» **Task objective**
Below are records with pictures in them. Transcribe everything from the line containing "R80, R81がOFFした" down to the line containing "9,000원/월이 서식은 [별지", exactly, and leave the pictures behind.

» **Data extract**
______

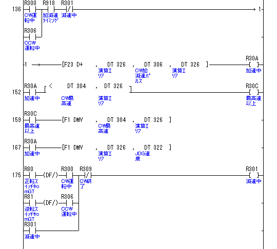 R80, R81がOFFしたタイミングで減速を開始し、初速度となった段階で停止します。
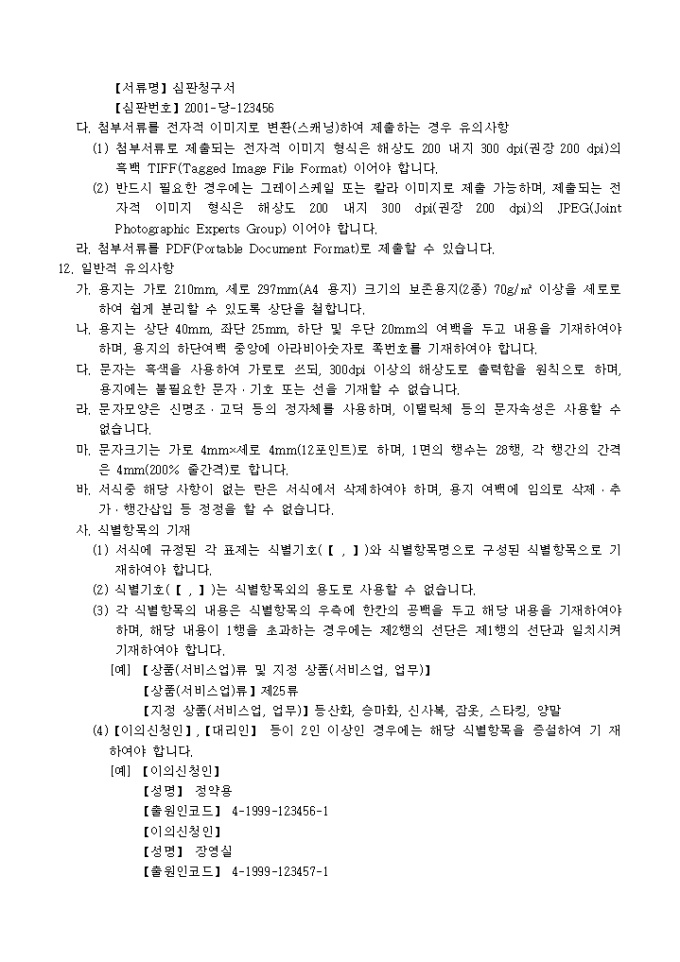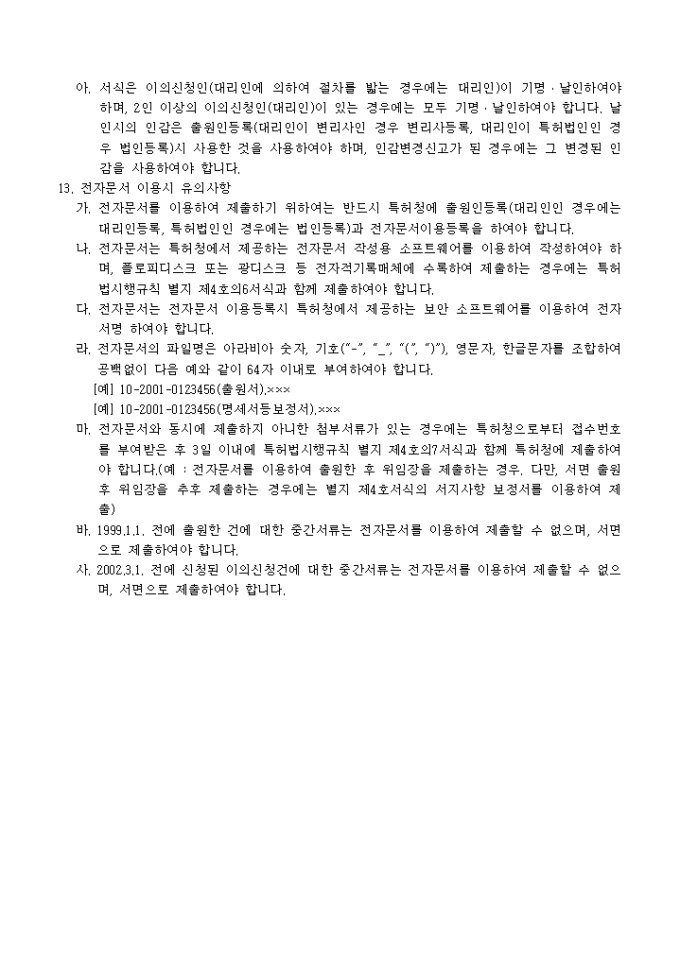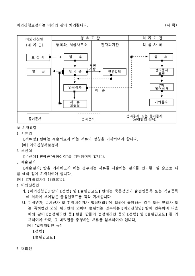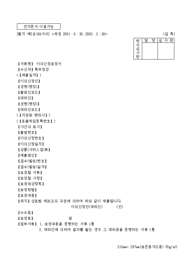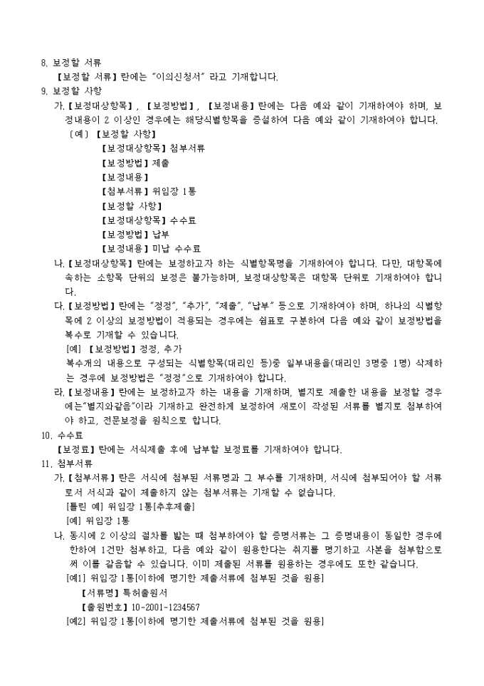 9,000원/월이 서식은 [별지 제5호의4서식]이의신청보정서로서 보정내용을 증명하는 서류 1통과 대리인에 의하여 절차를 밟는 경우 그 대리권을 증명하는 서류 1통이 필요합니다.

______

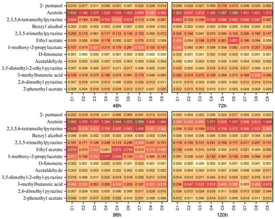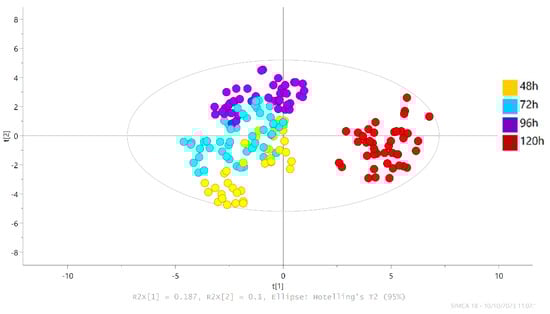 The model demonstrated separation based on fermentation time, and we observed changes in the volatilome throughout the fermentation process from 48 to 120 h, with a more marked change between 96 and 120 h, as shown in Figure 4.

______

» **Output below**
 R80, R81がOFFしたタイミングで減速を開始し、初速度となった段階で停止します。
 9,000원/월이 서식은 [별지 제5호의4서식]이의신청보정서로서 보정내용을 증명하는 서류 1통과 대리인에 의하여 절차를 밟는 경우 그 대리권을 증명하는 서류 1통이 필요합니다.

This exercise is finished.